David Bolinsky (born May 2, 1952) is a former lead medical illustrator at Yale. He is a co-founder of XVIVO, which produced the movie The Inner Life of the Cell for Harvard's Department of Molecular and Cellular Biology.

==Early life and education==
Bolinsky's father, Joseph, was a sculptor and professor of art who taught at University at Buffalo, The State University of New York. His mother, Ruth, was a soprano with the New York City Opera, and both exposed Bolinsky to the world of visual and performing arts. His father began to teach him about flip book animations, drawing, painting, sculpting and pottery.

When Bolinsky turned 14, his biology teacher encouraged him to pursue drawing. After meeting Frank Netter, Bolinsky was inspired to get his M.D. and create animations for medical work instead of solely still life. In 1968, Netter presented him with the book The Moon is a Harsh Mistress, and this book gave Bolinsky the idea to do computer animations someday.

Bolinsky completed his 4 years of undergraduate studies from 1976 to 1980 at Ohio State University with a Bachelor of Science in medical illustration and a masters in anatomy.

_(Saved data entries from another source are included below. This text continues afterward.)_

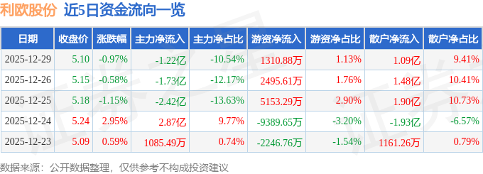 证券之星消息,截至2025年12月29日收盘,利欧股份(002131)报收于5.1元,下跌0.97%,换手率3.86%,成交量225.95万手,成交额11.6亿元。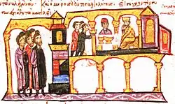 On May 11, 912, on the death of the Byzantine Emperor Leo VI the Wise, his brother Alexander III succeeded him.[10] The unpopular, inexperienced, ill and possibly chronically drunk Alexander ruled until his death on June 6, 913. This was ideal for Symeon, who had his troops waiting in Thrace to attack Byzantium. In August 913, Symeon appeared at the walls of Constantinople, seeking no plunder, only the crown. Symeon had, in contrast to Tsar Boris, been schooled in Constantinople, embracing Byzantine ideology, and wanted to rule a joint Roman-Bulgarian Empire as Roman Emperor. Patriarch Nicholas Mystikos recognized Symeon as Emperor of Bulgaria, and married his daughter to Constantine VII. In February 914, Zoe Karbonopsina, the mother of Constantine, quickly ousted Nicholas as regent (although letting him remain the Patriarch), and she, as regent, nullified the title given to Symeon, as well as the marriage plans.[12] Zoe's acts enraged Symeon, who went on to conquer Thrace.[12] The Byzantines had no choice but to look for allies, sending envoys to the Magyars, Pechenegs and Serbs.[12]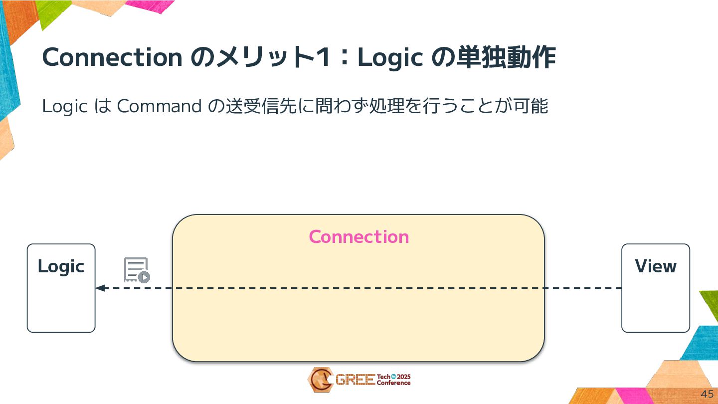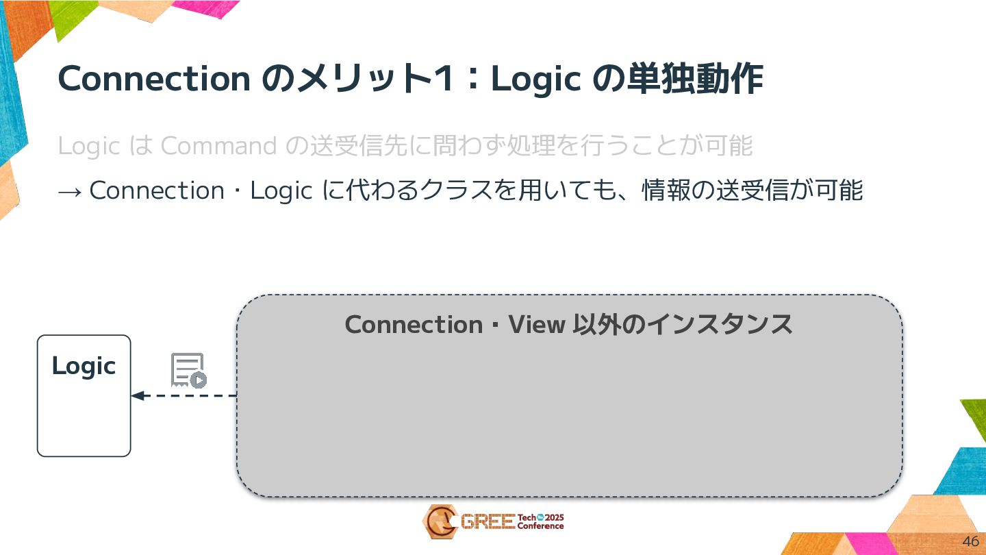 Logic は Command の送受信先に問わず処理を行うことが可能 → Connection・Logic に代わるクラスを用いても、情報の送受信が可能 Connection のメリット1:Logic の単独動作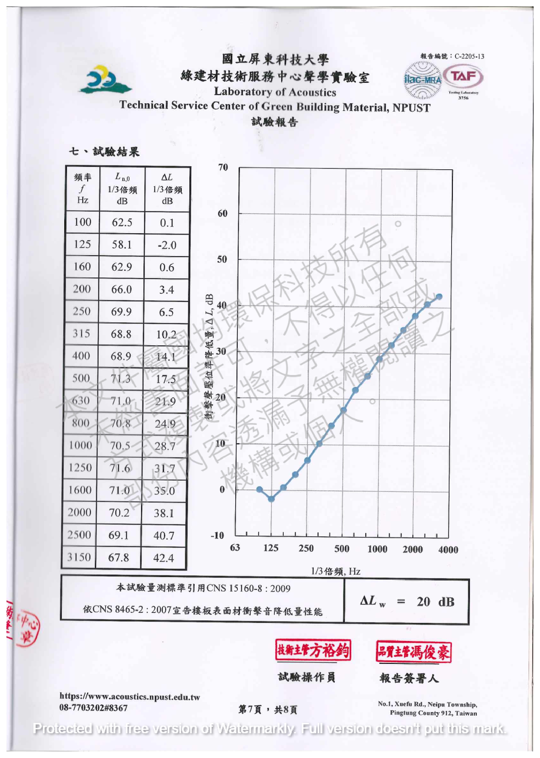 衝擊音:△Lw=20db(CNS8465-2)

Bolinsky began a new job at Michigan State University, where he had committed to attend Michigan State University College of Human Medicine quite soon after in 1977. He worked with dual faculty instructors in Human Medicine and Veterinarian Medicine, creating surgical illustrations for both subjects. His time with the Dean of Schools became impactful as he was encouraged to work at the biomedical center. Before entering Medical School, the biomedical center was closed by a newly hired Dean of school. Nonetheless, Bolinsky entered Medical School continuing his medical illustrations, having just signed a contract with a new publication. Bolinsky took a leave of absence and left Michigan State University to pursue an illustration project with Yale surgeon K.J Lee and continue medical school at Yale. He launched his first illustration company, Advanced Imaging Inc., in 1983.

==Career achievements==
Bolinsky has given two Ted Talks: Visualizing the Wonder of a Living Cell and another on his journey with his daughter ShaungyiLi. He has written over 830 illustrations, working with major pharmaceutical companies such as Mayo Clinic and the National Institutes of Health. His work has also appeared in television such as HBO’s The Medicine Show as well as on NBC and ABC News. Other notable companies that David Bolinsky also partnered with for animation are Disney Imagineering, Genentech, the Bill & Melinda Gates Foundation, Johnson and Johnson, and schools such as Harvard University, Johns Hopkins University, Oxford University, and Yale University. His biggest accomplishment is the project The Inner Life of a Cell that visualizes aspects of cellular mechanics, with millions of views on the web. Bolinsky also designed and served as one of the narrators for an Internet video entitled Flu Attack! How A Virus Invades Your Body. Recently, Bolinsky founded e.mersion studios in 2012 for educational and commercial work.

==Awards==
A list of honors and awards includes first place in the American Journal of Nursing Media Festival, Award of Excellence for Animation and Outstanding Example of Animation (AMI), first place in the Journal of Biocommunication, second place in the White House News Photographers Association Multimedia Innovation Contest (2010), American Medical Student Association Medical Art Award, Gold Award for Association of Visual Communications, Gold Award for International Film and Tv Festival of New York, Award of Excellence for the Society for Technical Communication, and Finalist in the Telly Awards Bronze Winner.